MICHAEL DERRINGER

The Fitz is an important and impressive museum, with a wide range of displays and collections. Despite this, many students never visit during their time in Cambridge—if they do, it is often with their parents.

The purpose of this event was to get students to come a museum they hadn’t ventured to enter before. In this sense, the event was a resounding, almost miraculous success. A Facebook group, a short article on Varsity’s website, and the promise of free wine, are all it seems that are necessary to rouse an army of enthusiastic rookies. One visitor remarked "it’s like a cross between Art and the Maypole".

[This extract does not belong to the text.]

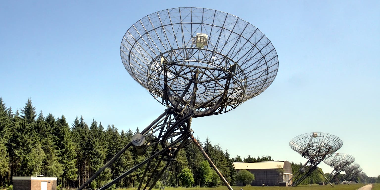 Twaalf statige en enorme schotelantennes staan hier keurig uitgelijnd op een smalle grasvlakte. Goed verborgen in het dichte bos en strak gericht op de hemel. De nietsvermoedende passant zou al snel denken dat hij hier is gestuit op een verscholen stukje afluistertechniek van het leger. De werkelijkheid is dat ze hier juist zo weinig mogelijk met aardse radiosignalen te maken willen hebben.

But for visitors who had been to the museum before, the event didn’t offer much. In each gallery there were periodic talks about the artworks—interesting introductions, but these were often rushed and difficult to hear. The more ‘substantial’ talks the museum puts on at other times are more detailed (as one would perhaps expect).

These were complemented by some rather anomalous novelties. Two a cappella vocal groups, singing pop songs and the odd jazz number, seemed rather out of place and slightly inappropriate. Similarly, the caricaturist (who worked tirelessly in the midst of a seemingly endless queue of people, churning out one big-chinned grinning space-monkey after another) was an incongruous and probably misguided addition to the evening.

Still, I saw some things that I had previously missed—the wonderful new acquisition, Bruegghen’s Woman Tuning a Lute, an utterly beguiling image; and some stunningly serene and elegant Korean pottery.

If the event itself, with all its niggles, gets a low star rating, the museum itself ought to get five outright—and I urge you to go. The museum will soon lose 30% of its funding; students are now being involved more than ever in curation efforts (with the museum loaning out pieces to student galleries like the King’s Art Room); and above all, it’s free. Always has been.

So do go to the Fitz if you haven’t. There won’t always be free wine, but there will be the art.